*** Data below

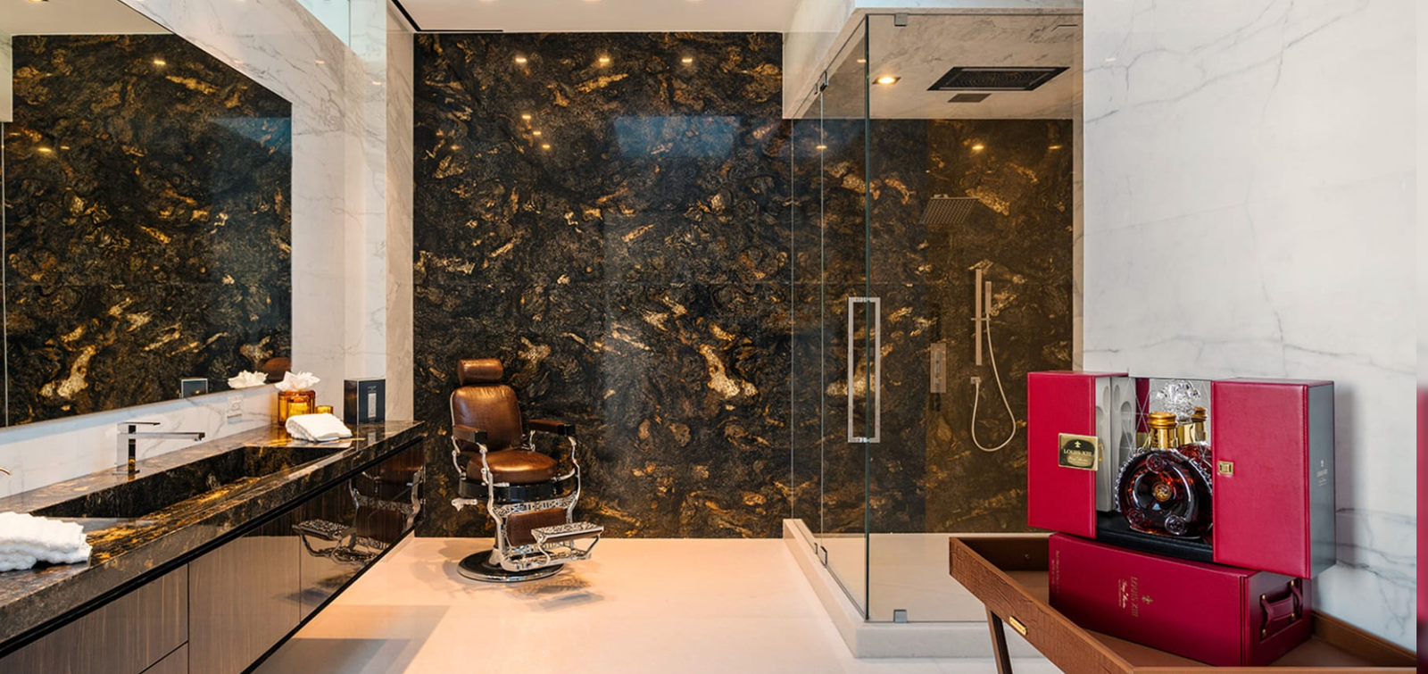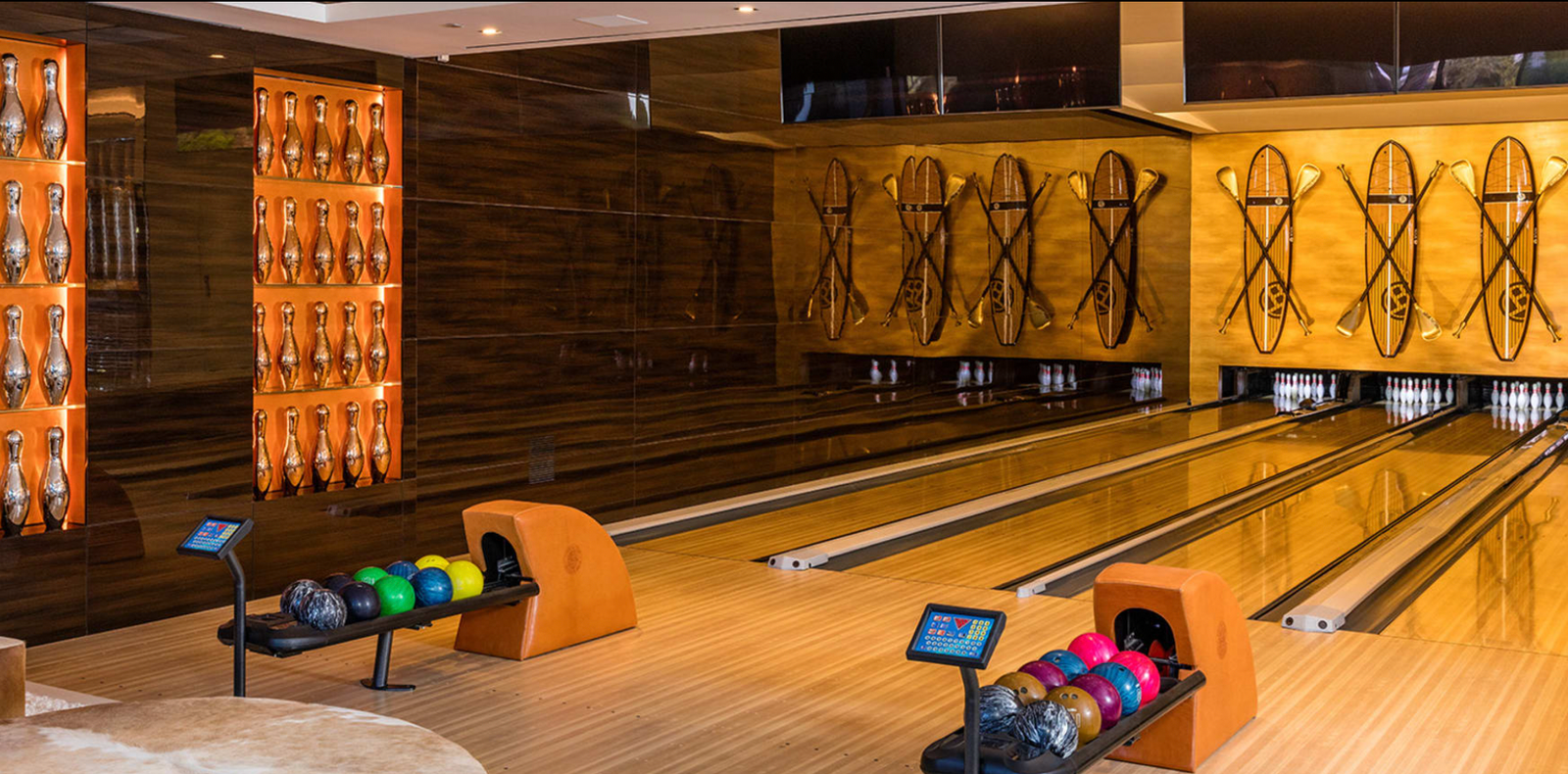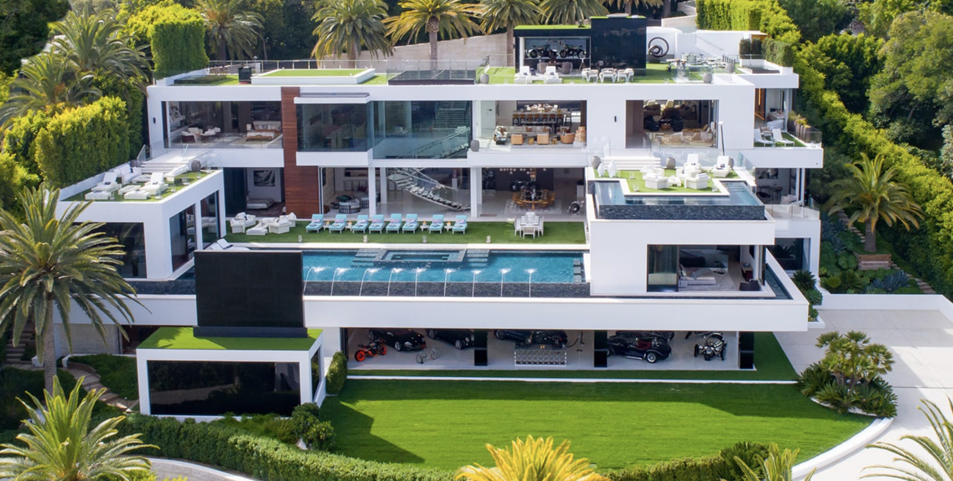 Experience the epitome of opulence in this stunning new construction home, boasting 38,000 square feet of luxurious living space complemented by 17,000 square feet of entertainment decks. This exquisite residence features two master suites, ten spacious VIP guest suites, and 21 lavish bathrooms. Culinary enthusiasts will appreciate the three gourmet kitchens and five bars, while wellness seekers can indulge in a massage studio and a state-of-the-art fitness center. The property also includes an 85-foot glass-tiled infinity pool, a 40-seat 4K Dolby Atmos theater, and a four-lane bowling alley/lounge, along with an auto gallery and an outdoor pop-up theater.
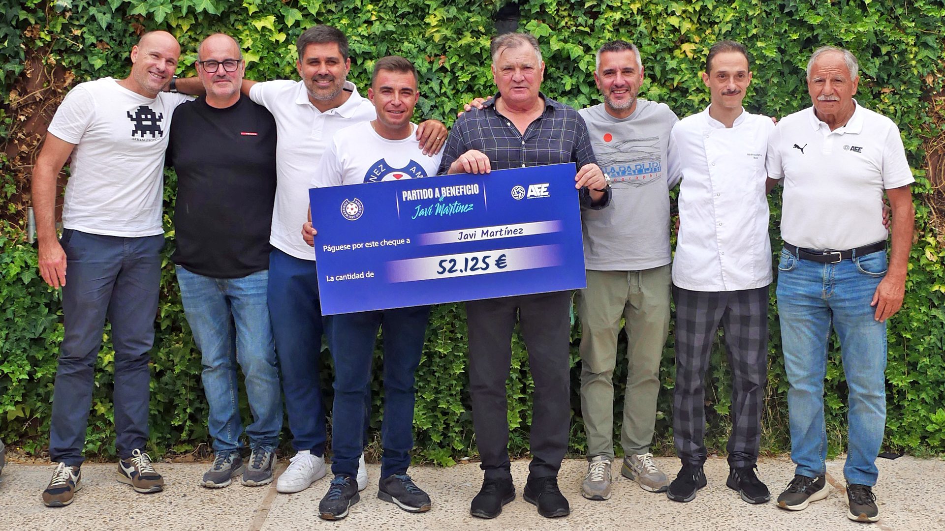 Por su parte, la Selección de Veteranos AFE, en manos de su capitán Marcos Senna, entregó una camiseta en recuerdo del partido a los Amigos de Javi Martínez. Los padres del pequeño, Javier y Ana, acompañados de sus dos hijos, recibieron de Pepín Liria y José María Manzanares, quienes también quisieron sumarse a la iniciativa, una camiseta que la Asociación de Futbolistas Españoles (AFE) había preparado con sus nombres a la espalda.
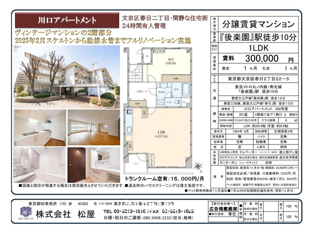 | 主要アクセス | 東京メトロ南北線 後楽園駅 から 徒歩10分 | 専有面積 | 72.93m 2 ( 22.06坪 ) | ||

******

Each line of the data above is to be output exactly; the pictures are not to appear.

**Exercise result**.
 Experience the epitome of opulence in this stunning new construction home, boasting 38,000 square feet of luxurious living space complemented by 17,000 square feet of entertainment decks. This exquisite residence features two master suites, ten spacious VIP guest suites, and 21 lavish bathrooms. Culinary enthusiasts will appreciate the three gourmet kitchens and five bars, while wellness seekers can indulge in a massage studio and a state-of-the-art fitness center. The property also includes an 85-foot glass-tiled infinity pool, a 40-seat 4K Dolby Atmos theater, and a four-lane bowling alley/lounge, along with an auto gallery and an outdoor pop-up theater.
 Por su parte, la Selección de Veteranos AFE, en manos de su capitán Marcos Senna, entregó una camiseta en recuerdo del partido a los Amigos de Javi Martínez. Los padres del pequeño, Javier y Ana, acompañados de sus dos hijos, recibieron de Pepín Liria y José María Manzanares, quienes también quisieron sumarse a la iniciativa, una camiseta que la Asociación de Futbolistas Españoles (AFE) había preparado con sus nombres a la espalda.
 | 主要アクセス | 東京メトロ南北線 後楽園駅 から 徒歩10分 | 専有面積 | 72.93m 2 ( 22.06坪 ) | ||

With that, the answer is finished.